Saat ini, tak banyak pemain asal Indonesia yang bermain di luar negeri. Bahkan jumlahnya dapat dihitung dengan jari, sebut saja Dedi Kusnandar, Irfan Bachdim, Stefano Lilipaly, Greg Nwokolo, Victor Igbonefo, Patrich Wanggai, Titus Bonai, Abdul Rahman, Arthur Irawan, Andik Vermansyah, dan Dedy Gusmawan.

Dari sekian banyak nama di atas, tak semuanya merupakan pemain inti di klubnya masing-masing meski berstatus sebagai pemain asing,  jumlah penampilan di tim dapat dikatakan minim. Sebagai contoh, Irfan Bachdim, pemain yang bisa berposisi sebagai penyerang dan gelandang ini hanya mendapatkan jatah bermain sekali oleh klubnya, Consadole Sapporo selama tahun 2016 ini.   

Namun meski begitu, terdapat pula pemain Indonesia yang menjadi andalan di klub masing-masing. Salah satu contohnya adalah Dedy Gusmawan. ia rutin mengisi starting line-up Zeyar Shwe Myay (dibaca zeja se mye).

Mantan pemain Mitra Kukar ini sudah menjalani musim keduanya bersama klub Myanmar tersebut. Pada akhir tahun 2015 lalu, ia berhasil menandatangani kontrak baru selama semusim karena penampilan yang memikat selama setengah musim pertamanya membela klub tersebut.

Adalah Stefan Hansson, nama yang berjasa membawa karir pria kelahiran Tanjung Morawa ini menuju ke klub yang berjuluk White Elephant ini. Di musim pertama, Dedy berhasil membawa Zeyar Shwe Myay menduduki posisi kedelapan klasemen akhir dari 12 klub.

Saat ini Ooredo Myanmar National League 2016 tengah memasuki putaran kedua. Prestasi pria yang identik dengan nomor 27 bersama klubnya ini lumayan mentereng. Menurut data yang diolah dari situs resmi liga, Zeyar Shwe Myay saat ini berhasil menempati urutan lima besar sekaligus menjadi tim yang paling jarang kebobolan nomor tiga dengan 16 gol saja selama 17 kali pertandingan.

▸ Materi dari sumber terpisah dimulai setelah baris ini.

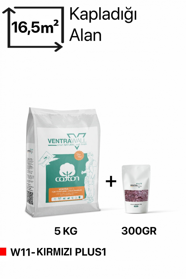 Ventrawall W11-KIRMIZI-PLUS1-5KG– Yalıtımlı Sürülen mineral taşlı Beyaz Duvar Kağıdı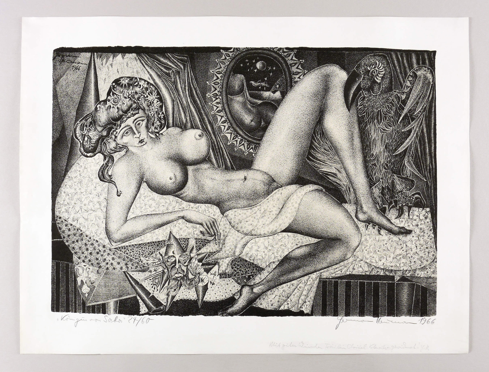 1966. Lithografie / Federlithografie, in Punktiermanier, in Schwarz, auf hellem Velin. – Originale Künstlergrafik, von Hermann Naumann. – Auflage Exemplar Nr. 24/60. – 42,0 x 59,5 cm (Darstellung / Druckbild), 53 x 70 cm (Blatt).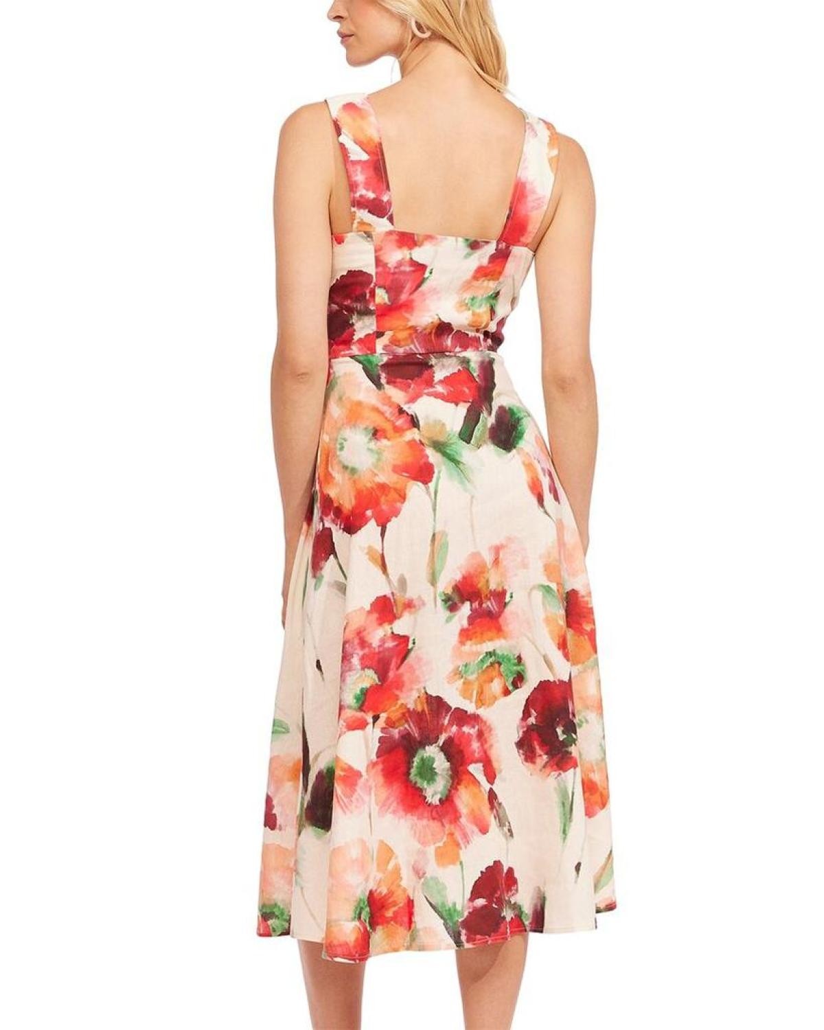 Introducing the stunning Eva Franco Hettie Dress, a must-have addition to your wardrobe for the upcoming season. This midi dress features a Fit And Flare silhouette, a straight neckline, thick tank straps, and a side split for added flair. The dress is adorned in a beautiful Wild Poppies color/pattern that is sure to stand out. Made from 100% cotton with a 100% polyester lining, this dress is both stylish and comfortable. With a front button closure and a length of approximately 44 inches from shoulder to hem, this dress is perfect for any occasion. Handmade in the USA, the Eva Franco Hettie Dress is a true statement piece that is sure to turn heads wherever you go.
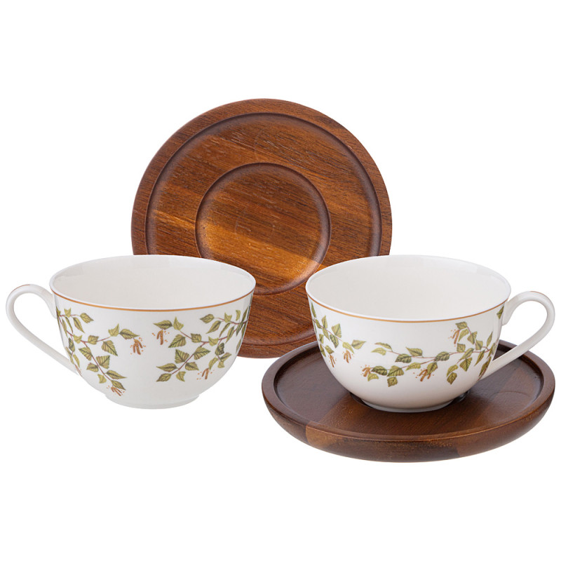 Чайный набор " БЕРЕЗКИ" на 2 пер. 4 пр. 300 мл на дерев. блюдце (кор=12наб.) LEFARD 85-2019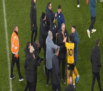 根据视频显示,打入一球的狼队前锋库尼亚(10号)肘击一位伊普斯维奇队工作人员(据太阳报报道为伊普斯维奇安保人员),随后更是粗鲁地从对方脸上直接扒下眼镜。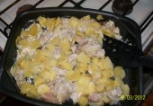Отличие этого простого блюда от традиционного мяса по-французски состоит в том, что картофель кладется поверх мяса.
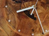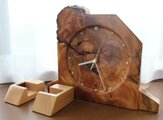 黒松の切り株特有の大きなヒビや松脂が固化した風合いと外皮の部分も残し、現在のインテリにもあうイメージで制作した置き時計です。単体でも自立しますが、安定性を高めるために別途赤松材で足の補助材を準備してあります。補助材には、置く場所・本体に傷がつないよう接触面にフェルトを貼ってあります。

Dapat dikatakan, penampilan pemain yang mengawali karir di PSDS Deli Serdang ini cukup ciamik dalam mengawal lini pertahanan Zeyar Shwe Myay selama pertengahan musim. Dedy sendiri mengaku menghabiskan 12 laga awal dengan selalu tampil sebagai starter.

Saking apiknya penampilan pria yang memiliki tinggi badan mencapi 178 cm ini mengaku pernah ditawari oleh petinggi klub Zeyar Shwe Myay yang juga merangkap menjadi pengurus PSSI-nya Myanmar untuk dinaturalisasi. Namun ajakan itu ditolak, lantaran Dedy sendiri sudah pernah membela Tim Nasional (Timnas) Indonesia sebanyak satu kali, tepatnya saat Indonesia berhadapan dengan kamboja pada September 2014 lalu.

“Saya ditawari jadi pemain naturalisasi agar bisa membela Timnas Myanmar. Tetapi, saya sambil senyum menolak halus dan mengatakan kalau saya pernah membela Timnas Indonesia walau sekali” ujar Dedy Gusmawan dikutip dari Juara.

Bila menilik performa ciamik yang ditunjukan selama berlaga di negeri yang identik dengan sarung ini, tak elok rasanya bila Alfred Riedl, pelatih Timnas Indonesia tak memberikan satu tempat dari 23 nama yang bakal diboyong ke ajang AFF 2016 yang jatuh pada bulan November mendatang.